Un jour, Sukadeva Gosvami est aperçu de belles nymphes se baignant sans voiles. Aucune ne pensa se cacher ou se couvrir. Il n'en fut pas de même quand survint Sri Vyasadeva, qui suivait son fils. Bien que lui-même ne fut pas dévêtu, les baigneuses s'entourèrent de leurs vêtements. Pourquoi cette différence dans leur conduite, s'enquiert Vyasadeva? Les nymphes lui répondirent que son fils possédait une vision pure, qu'il ne distinguait pas le masculin du féminin, quand lui maintient de telles distinctions.

TENEUR ET PORTEE

La Bhagavad-gita enseigne que le sage érudit regarde d'un même oeil le noble et docte brahmana et le mangeur de chien, le candala, du même oeil le chien et la vache; car il possède la vision spirituelle, et Srila Sukadeva Gosvami avait atteint ce niveau. Aussi ne faisait-il aucune distinction entre le masculin et le féminin; ce qu'il voyait c'était l'âme, recouverte de différentes enveloppes. Or, les jeunes baigneuses savaient reconnaître les pensées d'un homme à son regard, tout comme on perçoit l'innocence d'un enfant au premier coup d'oeil. Sukadeva Gosvami était un jeune homme de seize ans, de sorte que toutes les parties de son corps étaient développées, mais bien qu'il fût nu, tout comme les jeunes femmes, sa vision était parfaitement pure et innocente, sans la moindre souillure matérielle, car il se situait à un niveau qui transcende tout rapport charnel. Les nymphes, à cause de leurs pouvoirs particuliers, purent aussitôt comprendre qu'il était pur; elles-mêmes ne ressentirent nul trouble de son passage. Mais lorsque son père, âgé, et vêtu, vint à passer, elles se couvrirent en toute hâte. C'est que bien qu'elles eussent pu être les filles ou les petites-filles de Vyasadeva, elles choisirent, selon les normes sociales, de réagir en sa présence. Il assumait le rôle de chef de famille, et ne pouvait donc pas ne pas distinguer entre homme et femme.

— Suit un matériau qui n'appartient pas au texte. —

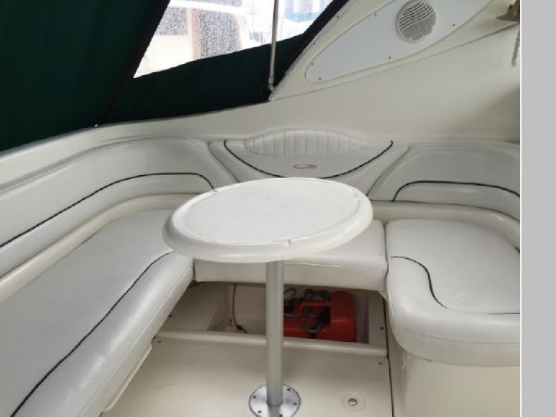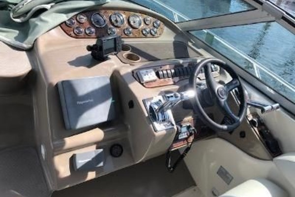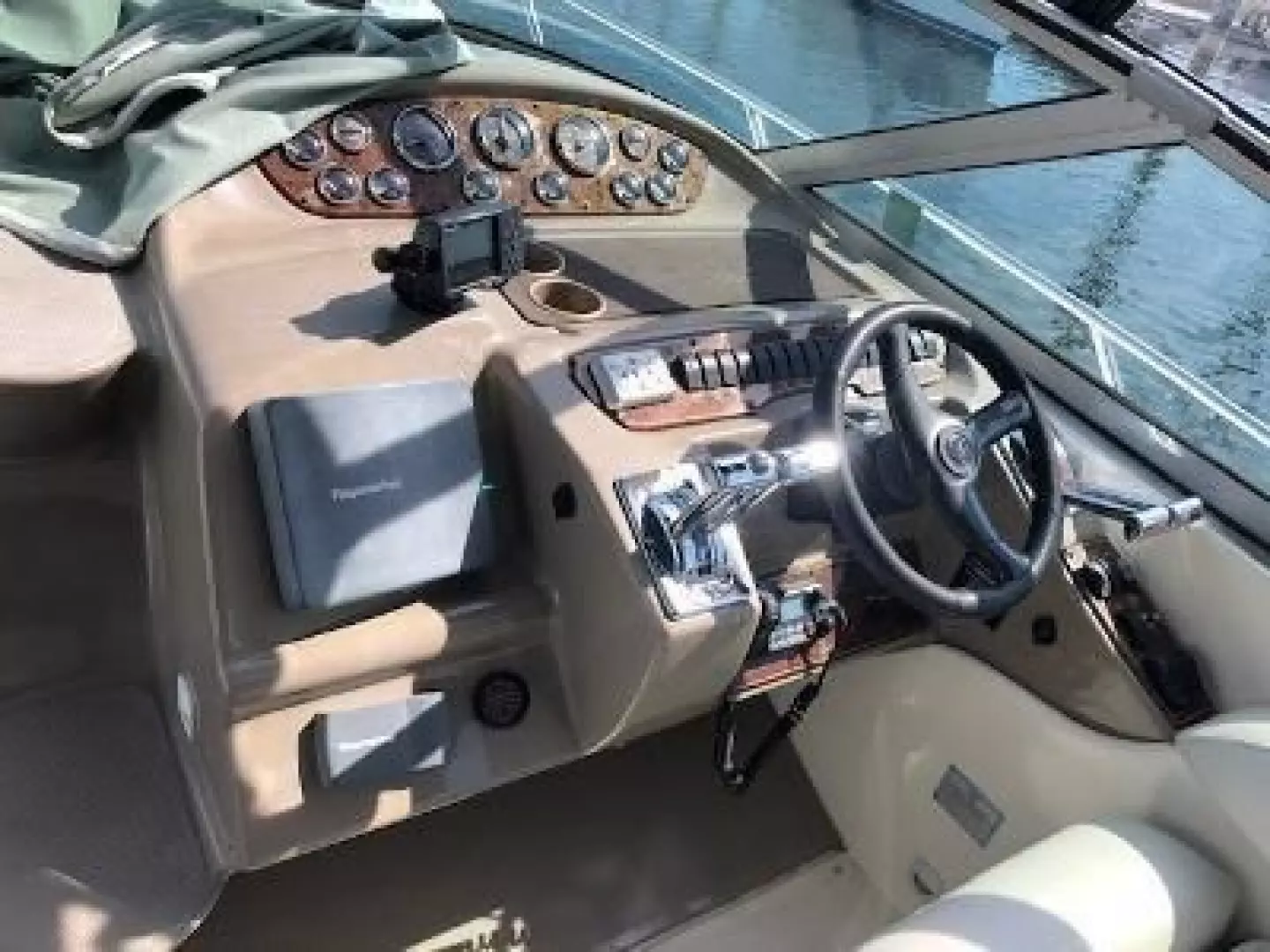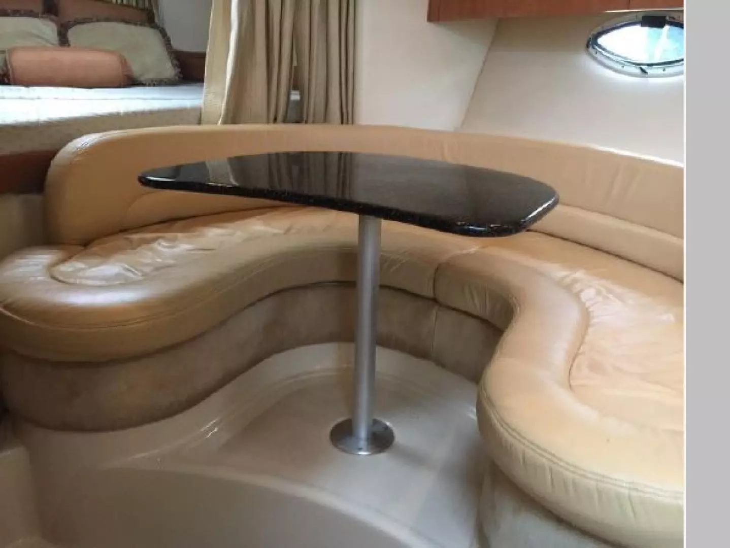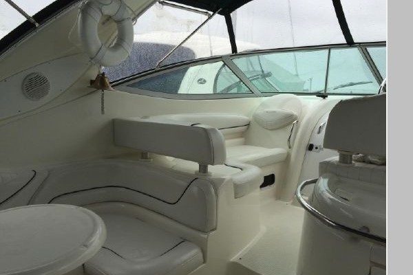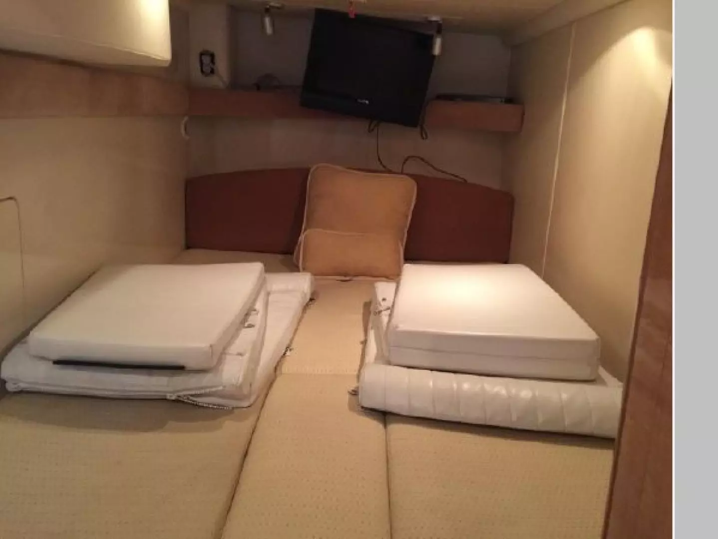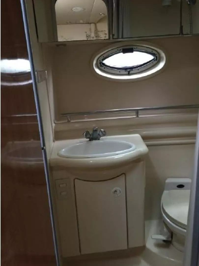 The Maxum 3500 SCR is infused with the panache of a refined luxury yacht - boasting the latest in design and comfort - along with all the punch one would expect from a cutting edge, high-performance sport craft that demands to be driven. Even from a distance, the distinctive Maxum silhouette and reversed radar arch signal that this one?s got it all: poise, performance and sophistication, all wrapped in a sleek and sensuous package. The broad transom platform features storage, a retractable swim platform, and a convenient fresh water shower for dives or swims in exotic waters. The helm is impressive with its advanced instrumentation cluster, and the openness of the aft cockpit area and the seating accommodations hold the promise of many nights of entertaining to come, out under a shimmering canopy of stars. Once below, the cabin will embrace passengers with luxury. The gourmet galley, with microwave, refrigerator and stovetop, plus the generous forward and aft berths provide accommodation for six. The full fiberglass head features a shower, sink and skylight.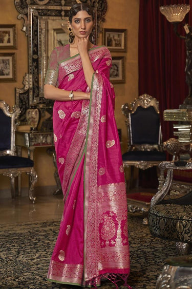 Festival Wear Art Silk Fabric Rani Color Weaving Work Spectacular Saree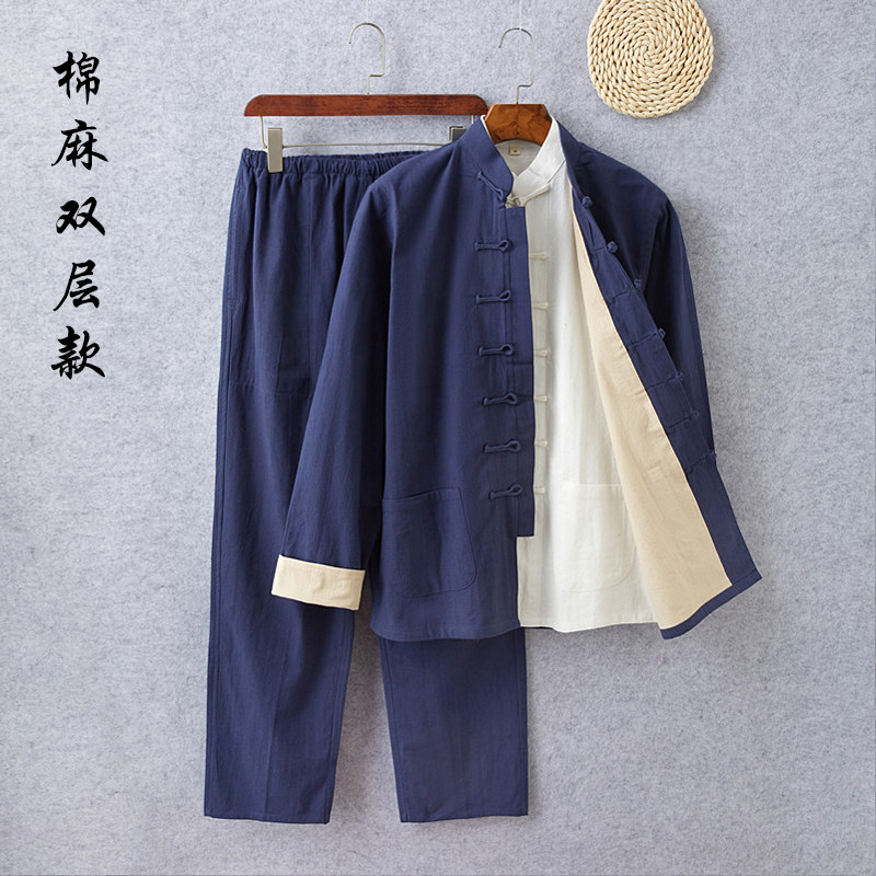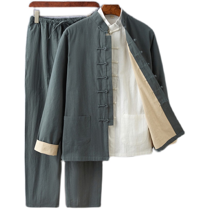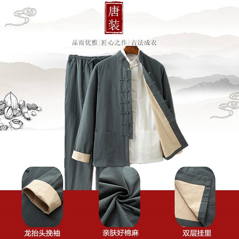 您的位置:他他商城  >   >  唐装男士套装春秋中国风青年复古亚麻长袖外套中式棉麻中山装汉服

Il faut donc s'efforcer de distinguer l'âme spirituelle du corps matériel, sans s'attacher aux désignations extérieures de masculin ou féminin. Tant que ces distinctions subsistent dans notre esprit, il ne faut pas tenter de devenir un sannyasi comme Sukadeva Gosvami. Au moins s'agit-il d'être convaincu intellectuellement que l'être en lui-même, l'âme, n'est ni masculin ni féminin. L'enveloppe extérieure, elle constituée de matière, est organisée par la nature matérielle en vue de provoquer un attrait pour le sexe opposé et ainsi garder l'être prisonnier de l'existence conditionnée. L'être libéré s'élève au-delà de ces dualités perverses, il ne fait pas de différence entre une âme et une autre. Pour lui, toutes participent d'une seule et même nature spirituelle. Etre libéré, c'est donc posséder parfaitement cette vision spirituelle, et Srila Sukadeva Gosvami avait atteint ce niveau. Srila Vyasadeva se situait également au niveau spirituel, mais parce qu'il appartenait au grhastha-asrama, il se conformait aux normes usuelles, et ne faisait rien pour qu'on voit en lui une âme libérée.